Masih kelanjutan kisah teman yang kehilangan HP di mesjid AL Azhar. Ternyata waktu itu ada seorang mbak-mbak yang melihat seorang ibu mengambil HP teman, saya lalu memasukkannya kedalam tasnya.

Waktu itu disebelah teman saya ada seorang bayi dan seorang anak perempuan sekitar 7 tahun, kakak sang bayi, yang sedang ditinggal ibunya berwudhu. Kemudian sang bayi menangis. Kami semua tidak berani mengangkat sang bayi. Kemudian ada seorang ibu separuh baya yang datang, Kami semua mengira ibu itu adalah ibu bayi tersebut. Sang ibu kemudian menggendong bayi tersebut. Ternyata ibu itu pencuri.

Teman saya melaporkan ke Satpam, Satpam memanggil ibu itu, tetapi ia tidak mengaku, bahkan sampai bersumpah atas nama Al quran. Yah … begitulah akhir kisah HP itu.

Lain lagi kisah HP  kakak saya yang hilang dirumah dalam acara Halal Bihalal, mengherankan dan ironis sekali. Dalam lima menit nomor sudah tidak aktif.

Dalam dua minggu saya melihat langsung kehilangan HP dari orang-orang terdekat. Lalu saya teringat peristiwa hilangnya HP kakak saya yang lain.

Tahun lalu, rumah kakak saya kemasukan maling, tetapi setelah diperikasa tidak ada barang-barang yang hilang. Kakak saya bingung, tetapi setelah diperiksa lagi ternyata yang hilang adalah HP Flexi nya dan celengan anaknya. Bener-bener aneh itu maling.

Kakak saya lalu memblokir rekening telepon Flexinya, sehingga HP itu tidak bisa untuk menelepon, hanya bisa untuk menerima. Beberapa bulan berlalu, istri kakak saya iseng coba-coba menelepon nomor Flexi itu dan ternyata diangkat oleh seorang perempuan. Dia mengaku suaminya membeli dari orang yang menjajakan di pintu Tol. Kakak saya lalu menceritakan tentang hilangnya HP itu. Keesokannya ia ditelpon oleh seorang laki-laki yang katanya ingin mengembalikan HP itu. Anehnya tanpa menanya alamat, laki-laki itu beberapa jam kemudian sampai rumah kakak saya, dia pun tahu nama kakan saya. Mungkin dialah  malingnya. Dia bilang istrinya sedang hamil sehingga tidak mau HP curian dan menyuruh mengembalikan HP itu.Dan dia meminta ganti uang 200 ribu untuk mengganti uangnya ketika membeli HP itu.

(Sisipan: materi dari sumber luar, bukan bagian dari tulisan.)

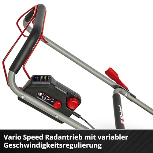 Die Handhabung des Rasenmähers ist durch den Radantrieb und die variablen Geschwindigkeitsstufen sehr komfortabel. Dies erleichtert die Fortbewegung im Garten, insbesondere auf unebenen Flächen oder in hohem Gras. Die zentrale Schnitthöhenverstellung bietet zahlreiche Optionen, sodass du den Rasen ganz nach deinen Wünschen trimmen kannst.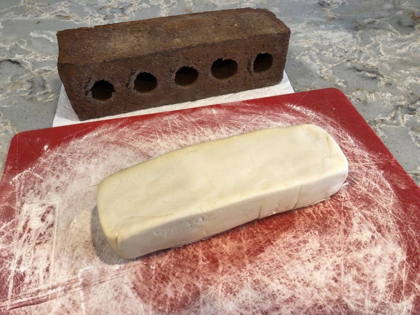 - Form the dough into an 8 inch long brick shape on a floured surface. Wrap dough in plastic wrap.

HP Flexi pasca bayar itu tidak menggunakan chip, tetapi nomor yang disuntik. Untuk memblokirnya lebih mudah, karena sang pencuri tidak bisa menggunakan HP curian tersebut.  Untuk dijual juga susah. Mungkin karena itulah si pencuri menggunakan akal agar bisa mendapat uang, yaitu meminta si pemilik untuk menebusnya, seperti cara diatas.

Berbeda jauh sekali dengan HP dengan memakai chip. Ketika HP dicuri, si pencuri dengan mudahnya membuang chip, lalu menjual HPnya. Saya berpikir, mungkinkah HP-HP GSM pasca bayar untuk menggunakan sistem seperti HP CDMA, tanpa menggunakan chip. Mungkin kekurangannya yaitu tidak fleksible menukar-nukar HP dan chip-nya. Tetapi lebih aman terhadap pencurian. Atau mungkin ada sistem lain, yang memungkinkan pencuri tidak dapat memanfaatkan HP curian, sehingga meminimalkan kasus pencurian HP.